🤖 AI Summary
This paper studies “optimal group identification” in multi-objective multi-armed bandits: given a set of arms with vector-valued rewards, each group’s performance is characterized by its efficiency vector—i.e., the Pareto front across objectives—and the goal is to identify either the Pareto-optimal group or the linear-weighted-optimal group with guaranteed confidence. We formalize this pure-exploration problem with group structure for the first time, establishing two complementary paradigms: Pareto-set identification and linear-weighted identification. We propose an efficient algorithm integrating adaptive elimination with multi-objective front estimation, derive tight sample complexity upper and lower bounds, and prove its optimality up to constant factors. Experiments on synthetic and real-world multi-objective datasets demonstrate that our method achieves faster convergence and strictly satisfies the prescribed confidence level in misidentification probability, significantly outperforming existing baselines.
📝 Abstract
We introduce the Best Group Identification problem in a multi-objective multi-armed bandit setting, where an agent interacts with groups of arms with vector-valued rewards. The performance of a group is determined by an efficiency vector which represents the group's best attainable rewards across different dimensions.
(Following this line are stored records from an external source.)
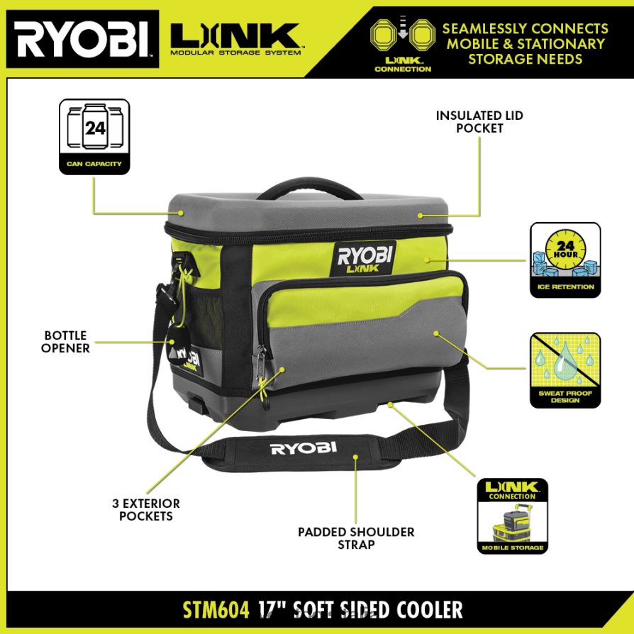 il sistema di storage modulare ryobi link sta rivoluzionando il settore dello storage, consentendoti di organizzare, accedere e trasportare la tua vita. il frigorifero portatile ryobi link da 17″ con lato morbido ha un design a prova di sudore, con ritenzione del ghiaccio 24 ore su 24 e una capacità di 24 lattine. con questo frigorifero sarai pronto per qualsiasi luogo di lavoro o avventura, dalla spiaggia al campeggio. la tasca sul coperchio isolata è lo spazio perfetto per tenere oggetti, come il cibo, separati e refrigerati. le 3 tasche esterne consentono di riporre facilmente oggetti aggiuntivi, come lo spazio per gli attrezzi. per non parlare dell’apribottiglie incluso è attaccato così non rimarrai mai a mani vuote. trasporta sfruttando il comfort maniglia superiore o utilizzare la tracolla imbottita inclusa. Questo frigorifero portatile può essere facilmente collegato alla cassetta degli attrezzi mobile per viaggiare con te ovunque. Soprattutto, fa parte dila linea di prodotti del sistema di archiviazione modulare ryobi link che utilizza la stessa tecnologia di chiusura per connettere perfettamente le tue esigenze di archiviazione mobile e fissa. possiedi il tuo spazio con il sistema di archiviazione modulare ryobi link.
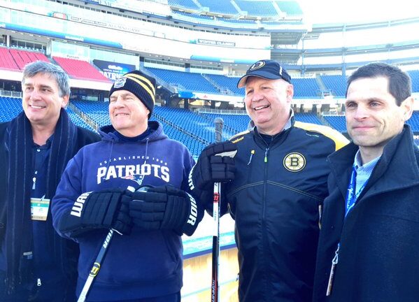 Belichick went skating with Bruins coach Claude Julien on The 2016 Winter Classic rink at Gillette Stadium. According to Steve Conroy of the Boston Herald, Belichick took a spill during the coach-on-coach session. But judging from the huge grin on Belchick’s face in the photo with Julien and Bruins general manager Don Sweeney, the Patriots coach appeared to enjoy himself.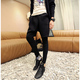 春秋季男士紧身打底裤韩版个性黑色靴裤跑男假两件连体运动裤长裤
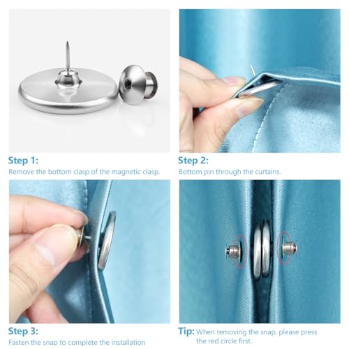 - [Ideal Curtain Accessories] Needle fixing design enables it to install and remove without harming your curtains. Package includes 20 pairs of curtain magnet buttons with transparent storage box. You can always reach out to us if you have any inquiries about how to use them!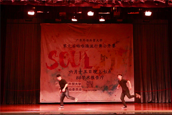 本网讯 6月15日,广东外语外贸大学第九届SOUL ME流行舞花球啦啦操公开赛决赛在大学城南校区B8报告厅隆重举行。我院代表多获得了流行舞小团体第四名和第八名,流行舞大团体第七名的好成绩。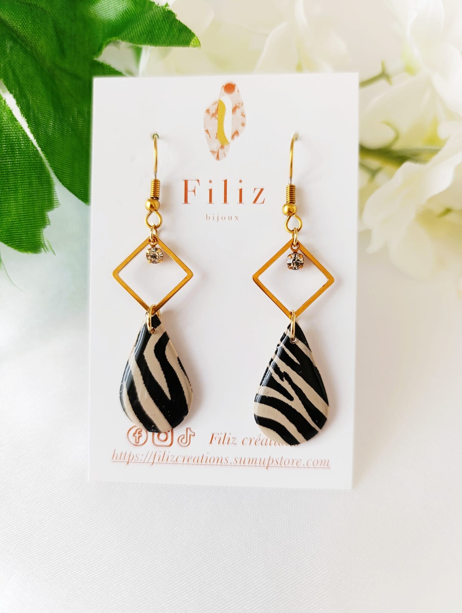 Façonnées entièrement à la main en argile polymère, elles arborent un motif zébré noir et sable, évoquant les empreintes animales, les terres sèches africaines et l’élégance instinctive de la faune sauvage.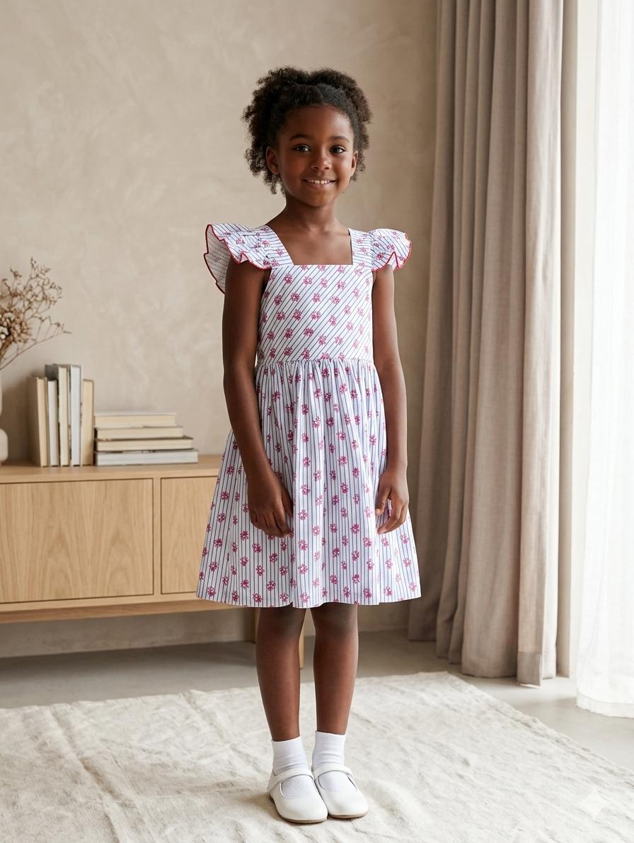 Daniesty Vestido Infantil Vuelo Rayas Estampado Flores Volante Hombros Familia Tokio 002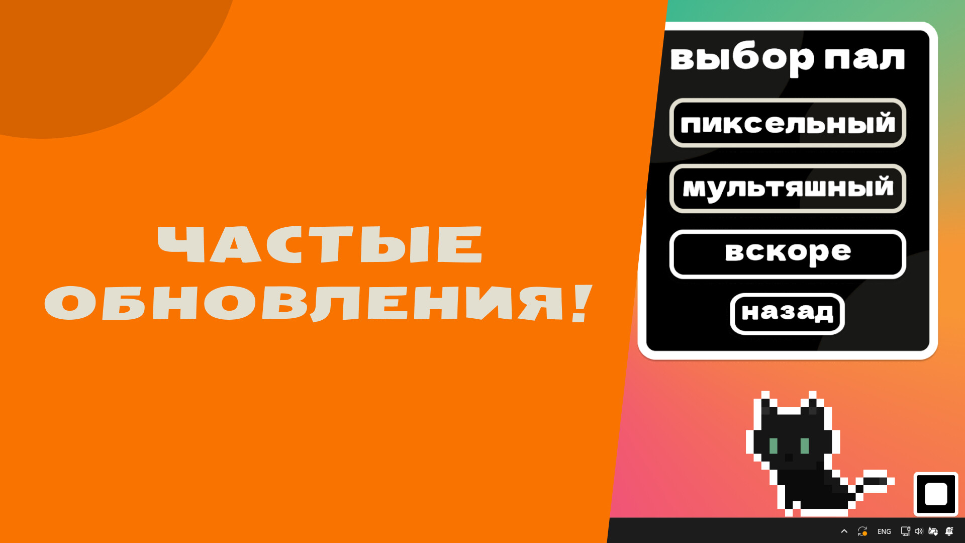 Игра предлагает продвинутые настройки кастомизации. Вы можете выбрать местоположение питомца на экране, его размер, возможности и многое другое! Настройте игру под свой вкус.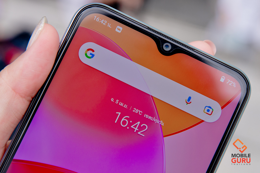 พลิกกลับมาที่ด้านหน้าตัวเครื่องจะพบกับหน้าจอแสดงผล IPS LCD Halo FullView Display ขนาด 6.51 นิ้ว ความละเอียด 1600x720 พิกเซล (HD+) มีอัตราส่วนการแสดงผล 20 : 9 ซึ่งตัวหน้าจอจะมีซอฟต์แวร์ Eyes Protect สำหรับลดการปล่อยแสงสีฟ้าของหน้าจอใส่มาให้ด้วย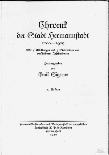„Chronik der Stadt Hermannstadt 1100-1929“ // „Cronica orașului Sibiu 1100-1929“ ~ Emil Sigerus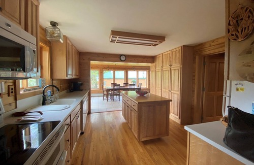 The Dam House has 3 bedrooms - the master bedroom is upstairs (queen bed with en suite bathroom with shower), a queen bedroom downstairs that is connected to the living room (separated by an accordion door), and two twin beds in the upstairs loft area. It can comfortably sleep two couples or is perfect for a family of 4-6. Please note that the downstairs bed is connected to the living room and does not have a designated/ separate space! The living room with large picture windows and French doors looks out at Lake Independence while the dining room with wall to wall windows overlooks the Iron River. The kitchen is large and spacious with birds-eye maple cabinets and updated appliances.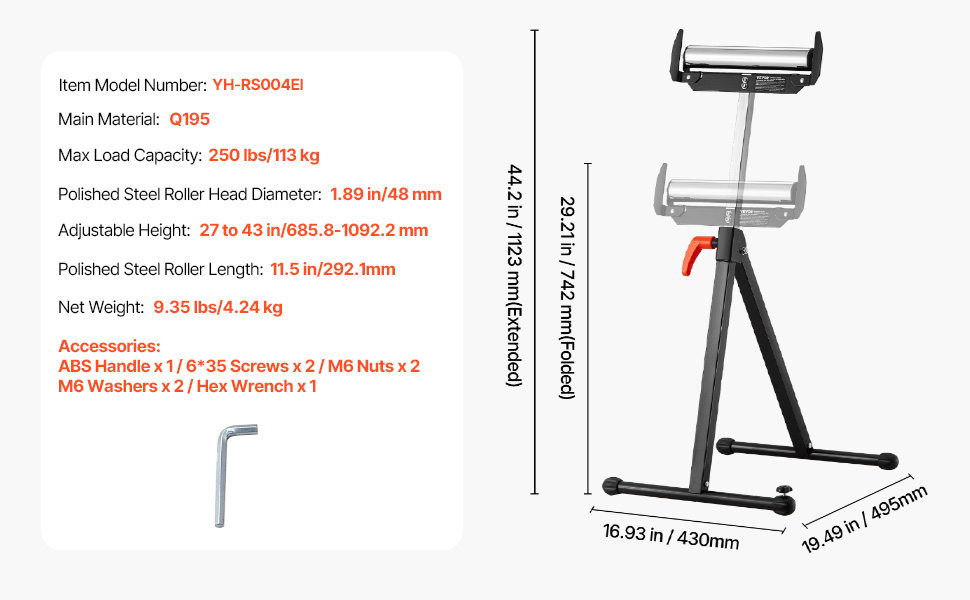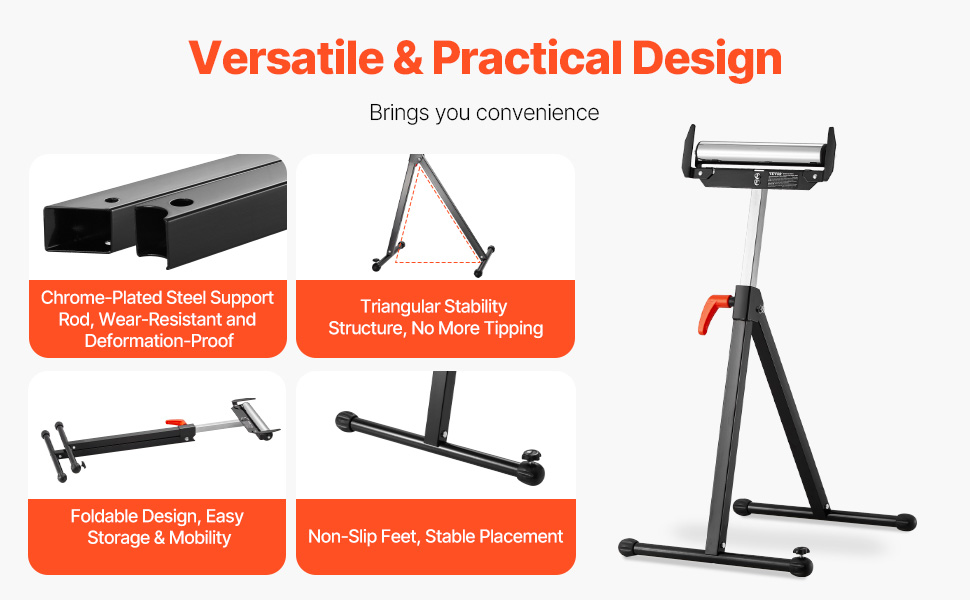Skladací valčekový stojan sa vyznačuje jednoduchým skladovaním, maximálnou nosnosťou 250 libier a nastaviteľnou výškou od 27 do 43 palcov. Hladká 11,5-palcová valčeková hlava umožňuje bezproblémový pohyb veľkých panelov ako predĺženie stolovej píly, vďaka čomu budú vaše drevárske úlohy hračkou.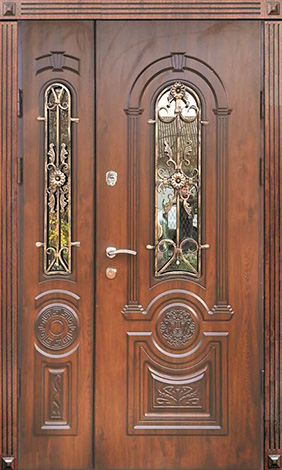 Входная металлическая дверь для частного дома со стеклом и ковкой №29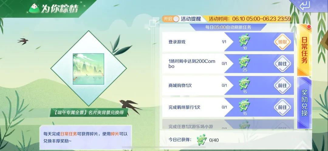 6月10日-6月23日期间,舞者们每天完成日常任务可获得碎片,使用碎片可以兑换丰厚奖励——端午节专属全景名片夹背景!
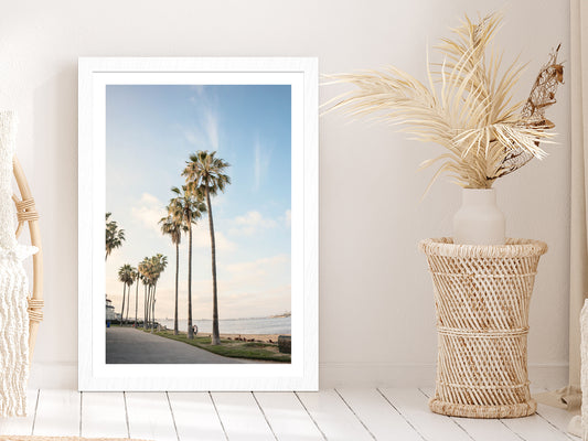 Palm Trees near Beach with Blue Sky Photograph Glass Framed Wall Art, Ready to Hang Quality Print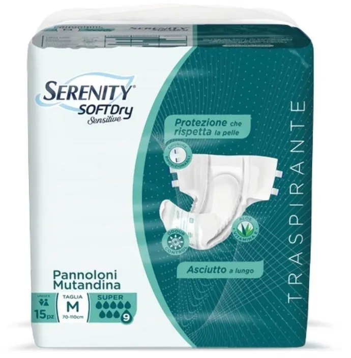 Soft Dry Sensitive with Sensitive Adhesives are the ideal solution for medium, severe, or very severe urinary or fecal incontinence problems. Serenity Sensitive is completely breathable, with the addition of Aloe Vera and Vitamin E.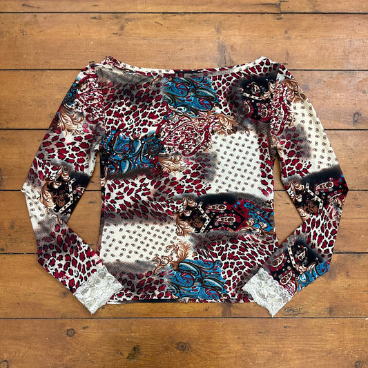 vintage 00s paisley leopard print off shoulder top

The objective is to identify the set of optimal groups in the fixed-confidence setting. We investigate two key formulations: group Pareto set identification, where efficiency vectors of optimal groups are Pareto optimal and linear best group identification, where each reward dimension has a known weight and the optimal group maximizes the weighted sum of its efficiency vector's entries. For both settings, we propose elimination-based algorithms, establish upper bounds on their sample complexity, and derive lower bounds that apply to any correct algorithm. Through numerical experiments, we demonstrate the strong empirical performance of the proposed algorithms.